What to produce: What is needed is a faithful copy of all the entries, with no pictures in it.
══════════
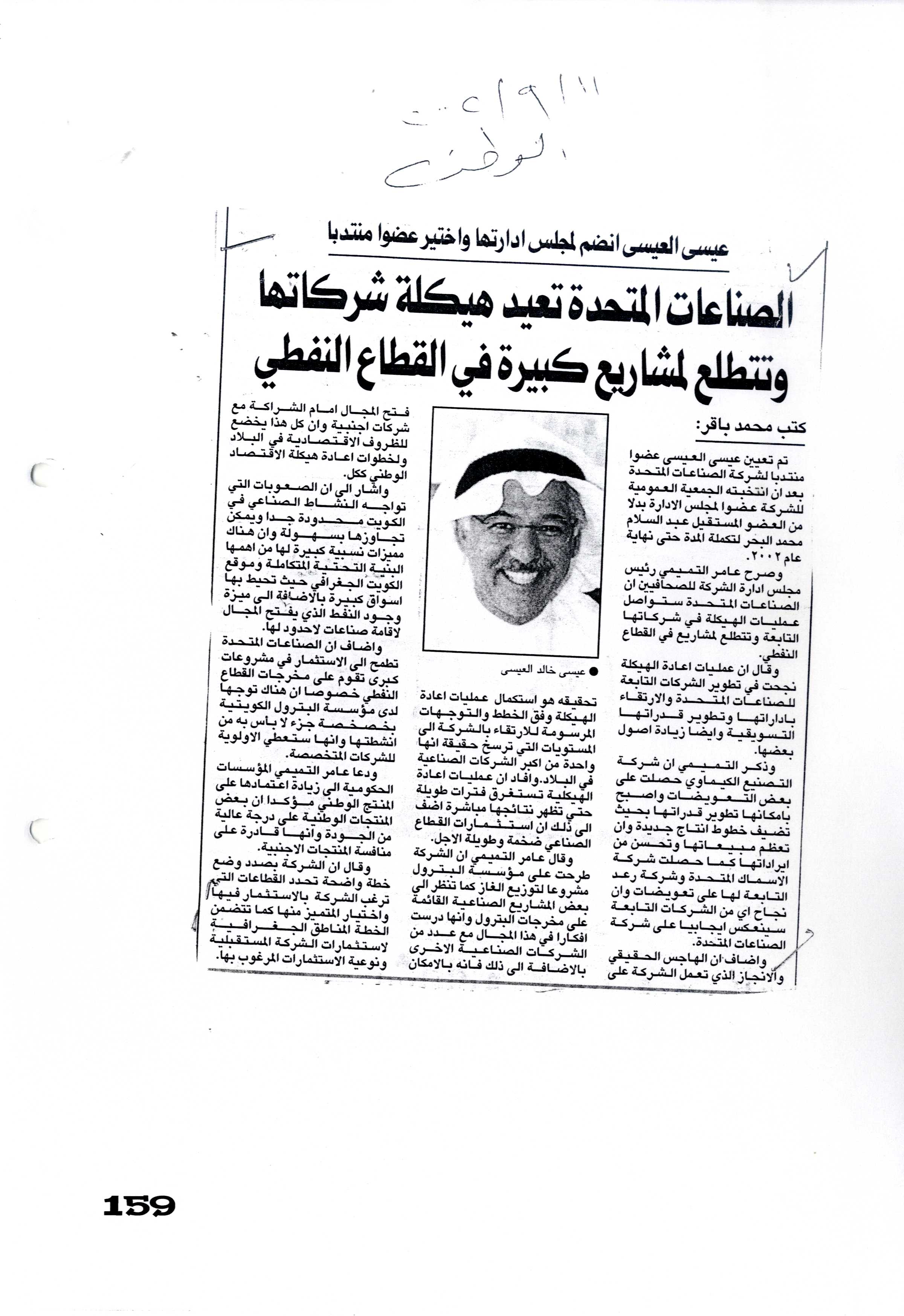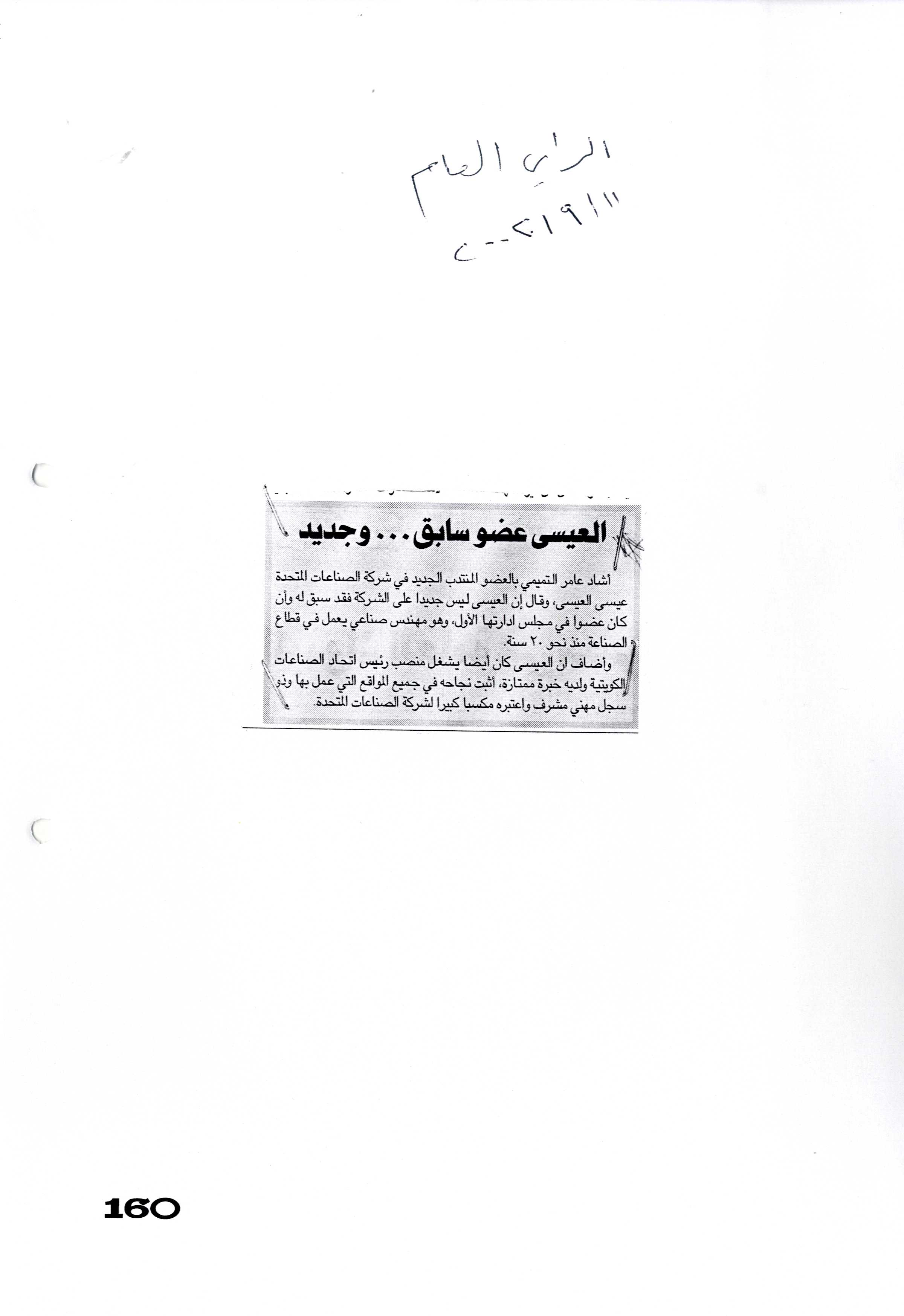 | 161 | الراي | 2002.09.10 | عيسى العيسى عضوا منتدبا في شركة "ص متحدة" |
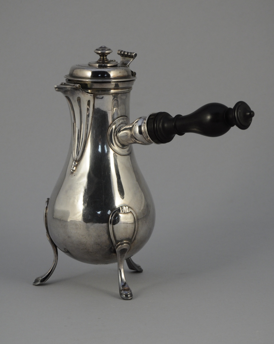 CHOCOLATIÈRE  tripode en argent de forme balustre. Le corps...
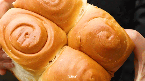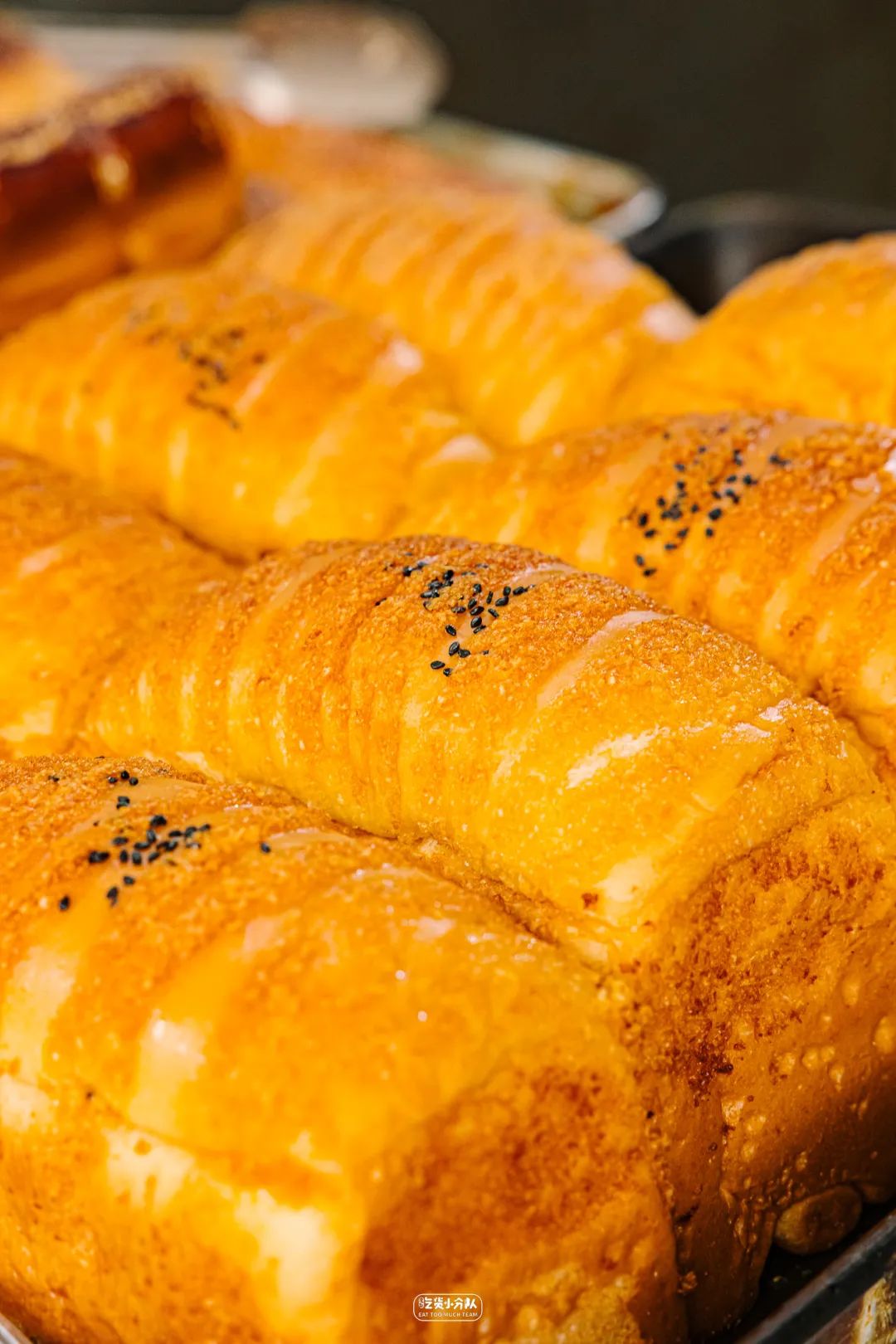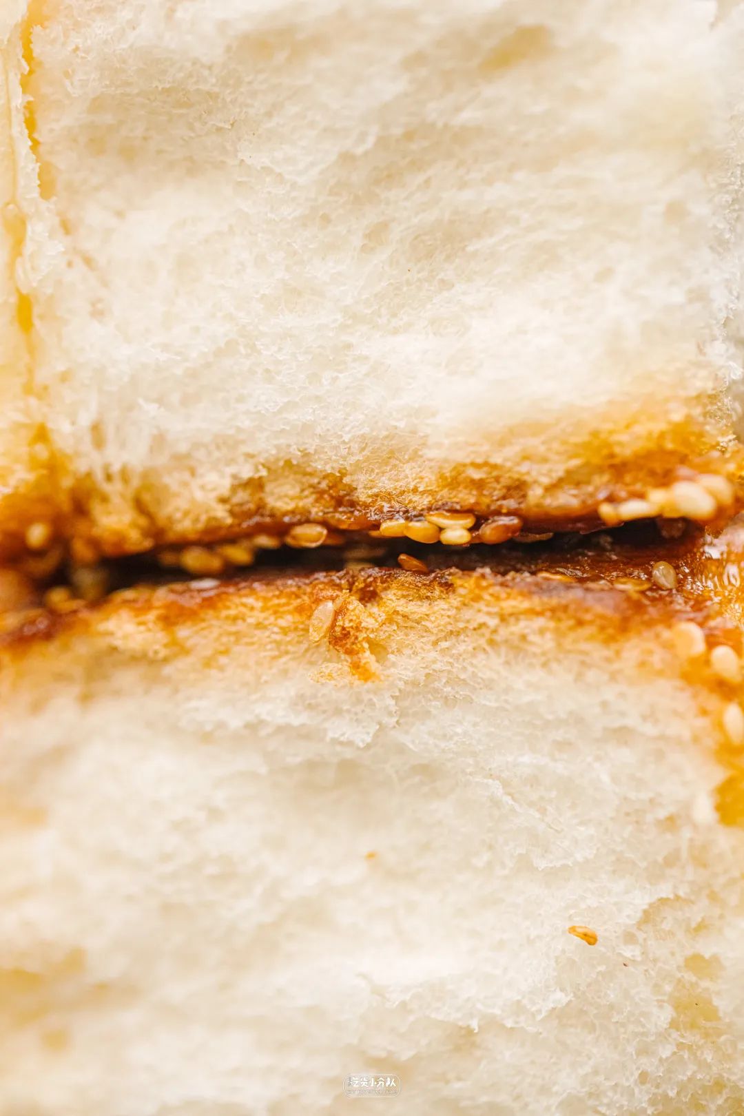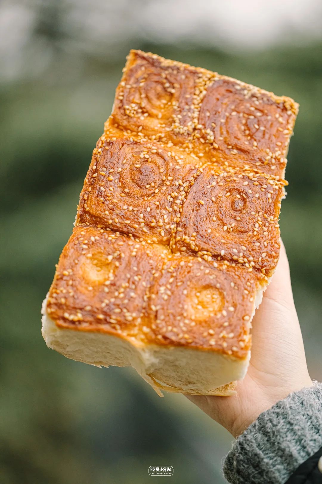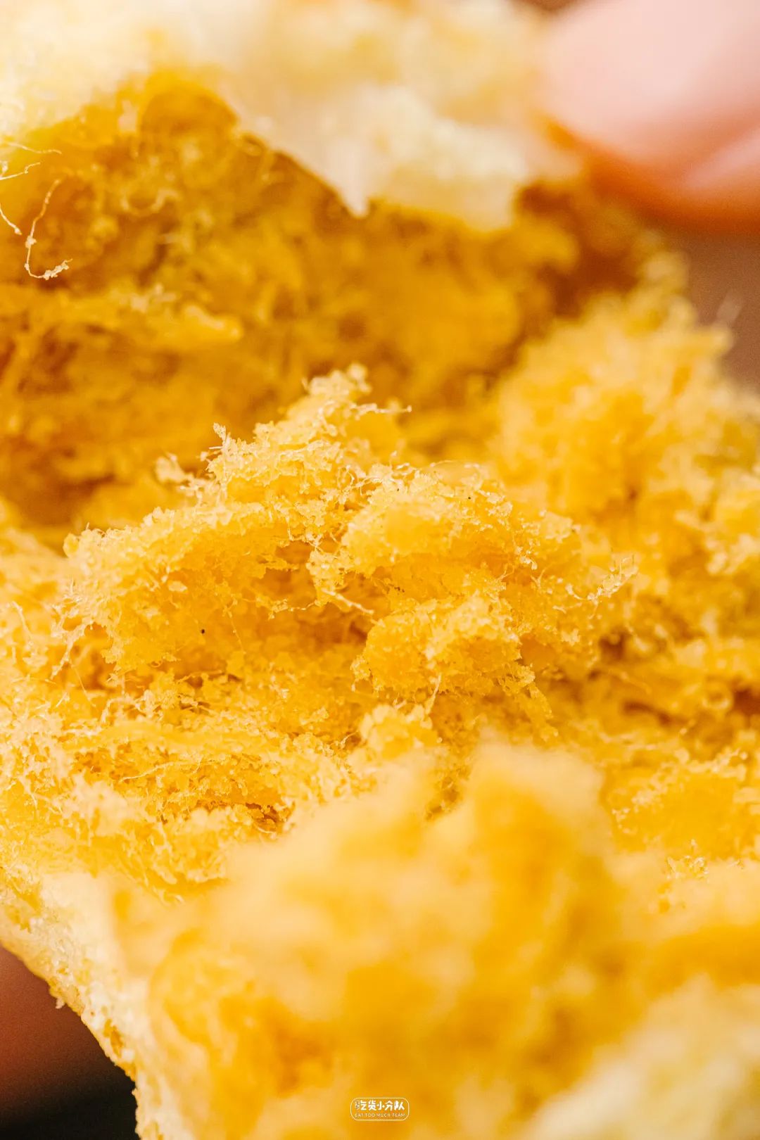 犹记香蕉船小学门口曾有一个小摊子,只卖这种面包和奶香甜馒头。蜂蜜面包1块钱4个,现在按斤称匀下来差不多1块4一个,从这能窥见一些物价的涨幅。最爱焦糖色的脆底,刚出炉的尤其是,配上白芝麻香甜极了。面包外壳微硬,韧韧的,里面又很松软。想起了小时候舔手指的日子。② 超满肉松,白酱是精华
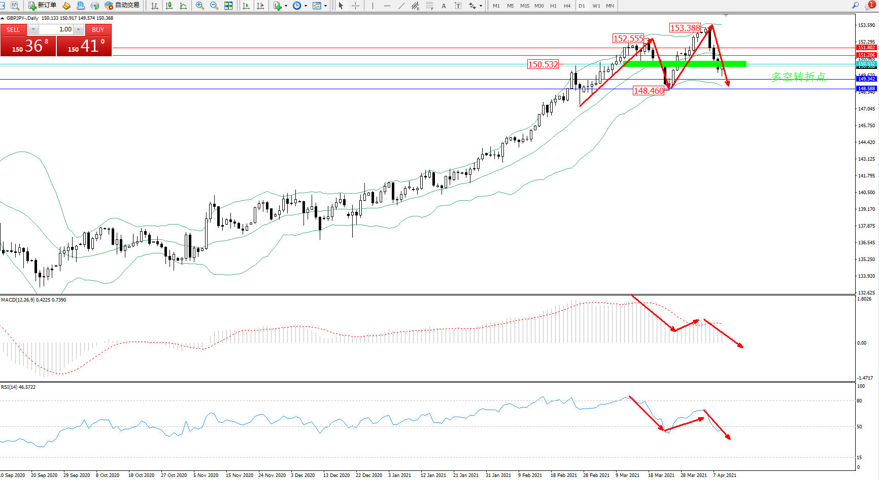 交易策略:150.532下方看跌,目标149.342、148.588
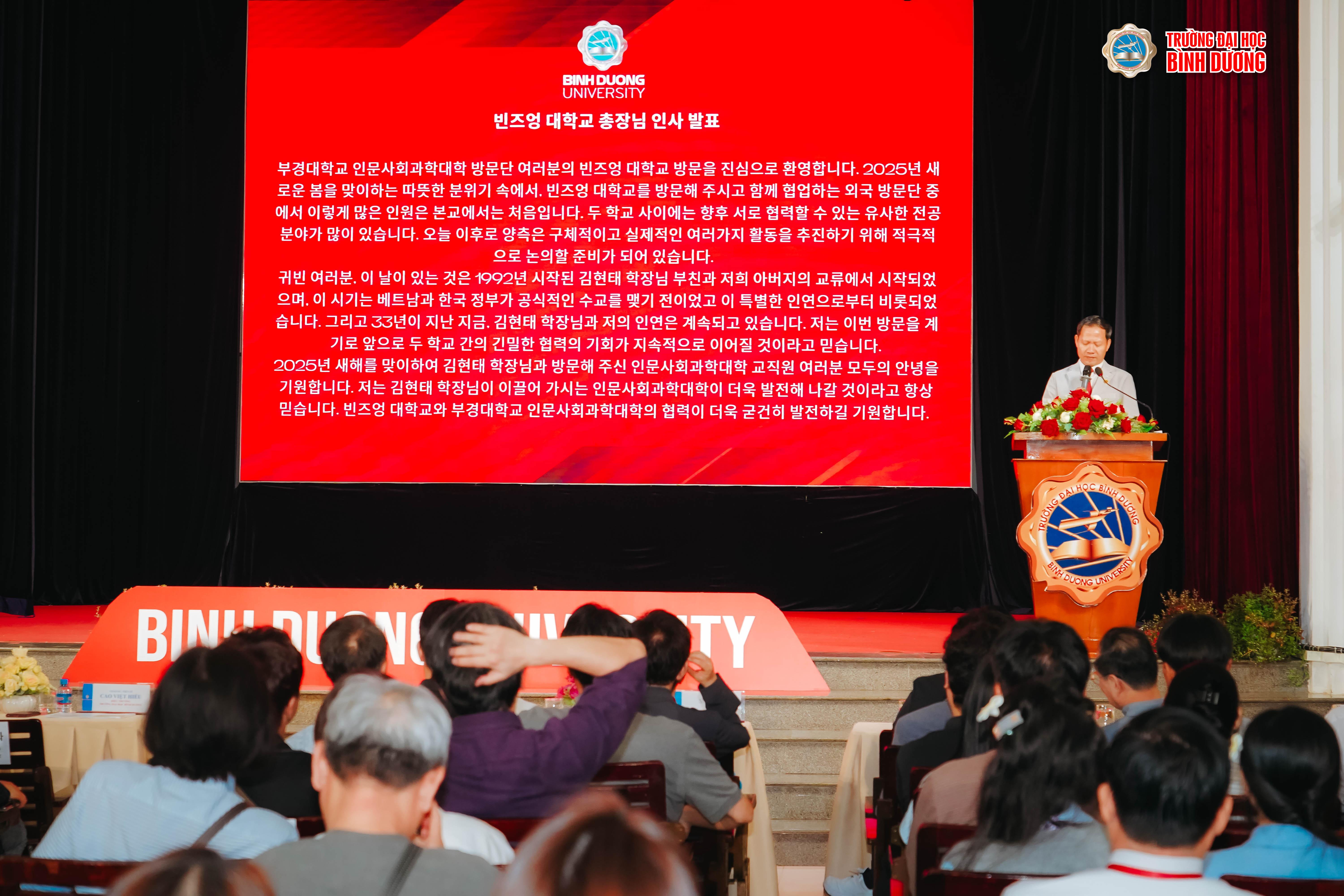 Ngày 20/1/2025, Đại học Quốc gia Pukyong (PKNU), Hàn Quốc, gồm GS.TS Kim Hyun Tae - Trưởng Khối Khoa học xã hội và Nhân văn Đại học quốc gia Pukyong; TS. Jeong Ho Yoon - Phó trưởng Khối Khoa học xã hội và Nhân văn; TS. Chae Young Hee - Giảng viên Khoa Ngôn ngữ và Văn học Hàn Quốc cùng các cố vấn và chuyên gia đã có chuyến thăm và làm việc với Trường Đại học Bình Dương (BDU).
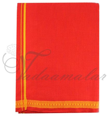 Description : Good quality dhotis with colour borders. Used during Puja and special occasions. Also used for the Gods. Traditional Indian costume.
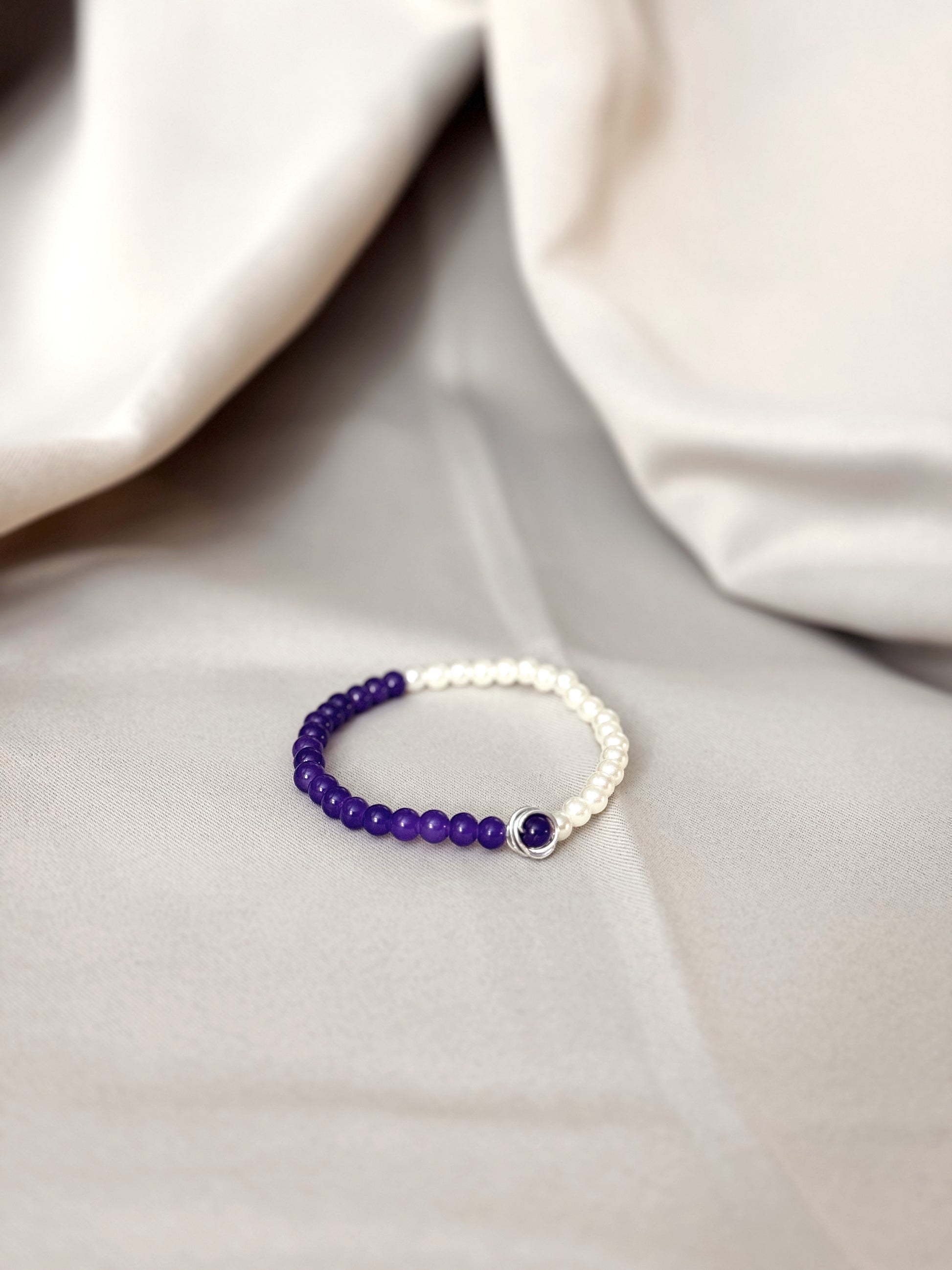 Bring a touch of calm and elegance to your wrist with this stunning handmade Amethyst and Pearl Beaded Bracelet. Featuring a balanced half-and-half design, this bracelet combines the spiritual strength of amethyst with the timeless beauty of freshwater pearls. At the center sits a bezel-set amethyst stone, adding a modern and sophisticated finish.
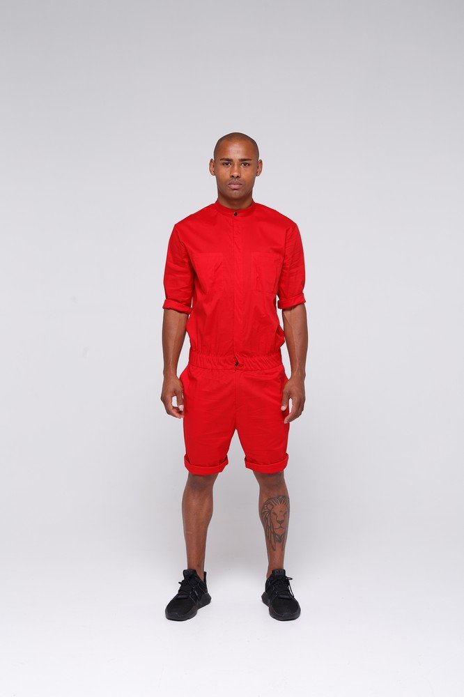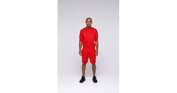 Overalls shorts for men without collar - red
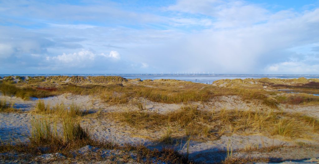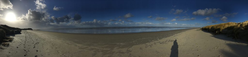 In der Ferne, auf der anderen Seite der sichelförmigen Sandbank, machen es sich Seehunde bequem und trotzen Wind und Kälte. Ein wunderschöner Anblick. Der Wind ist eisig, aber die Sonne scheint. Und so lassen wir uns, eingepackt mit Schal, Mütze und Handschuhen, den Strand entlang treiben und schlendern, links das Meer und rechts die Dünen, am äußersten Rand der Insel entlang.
══════════
Your response:
 | 161 | الراي | 2002.09.10 | عيسى العيسى عضوا منتدبا في شركة "ص متحدة" |
 CHOCOLATIÈRE  tripode en argent de forme balustre. Le corps...
 犹记香蕉船小学门口曾有一个小摊子,只卖这种面包和奶香甜馒头。蜂蜜面包1块钱4个,现在按斤称匀下来差不多1块4一个,从这能窥见一些物价的涨幅。最爱焦糖色的脆底,刚出炉的尤其是,配上白芝麻香甜极了。面包外壳微硬,韧韧的,里面又很松软。想起了小时候舔手指的日子。② 超满肉松,白酱是精华
 交易策略:150.532下方看跌,目标149.342、148.588
 Ngày 20/1/2025, Đại học Quốc gia Pukyong (PKNU), Hàn Quốc, gồm GS.TS Kim Hyun Tae - Trưởng Khối Khoa học xã hội và Nhân văn Đại học quốc gia Pukyong; TS. Jeong Ho Yoon - Phó trưởng Khối Khoa học xã hội và Nhân văn; TS. Chae Young Hee - Giảng viên Khoa Ngôn ngữ và Văn học Hàn Quốc cùng các cố vấn và chuyên gia đã có chuyến thăm và làm việc với Trường Đại học Bình Dương (BDU).
 Description : Good quality dhotis with colour borders. Used during Puja and special occasions. Also used for the Gods. Traditional Indian costume.
 Bring a touch of calm and elegance to your wrist with this stunning handmade Amethyst and Pearl Beaded Bracelet. Featuring a balanced half-and-half design, this bracelet combines the spiritual strength of amethyst with the timeless beauty of freshwater pearls. At the center sits a bezel-set amethyst stone, adding a modern and sophisticated finish.
 Overalls shorts for men without collar - red
 In der Ferne, auf der anderen Seite der sichelförmigen Sandbank, machen es sich Seehunde bequem und trotzen Wind und Kälte. Ein wunderschöner Anblick. Der Wind ist eisig, aber die Sonne scheint. Und so lassen wir uns, eingepackt mit Schal, Mütze und Handschuhen, den Strand entlang treiben und schlendern, links das Meer und rechts die Dünen, am äußersten Rand der Insel entlang.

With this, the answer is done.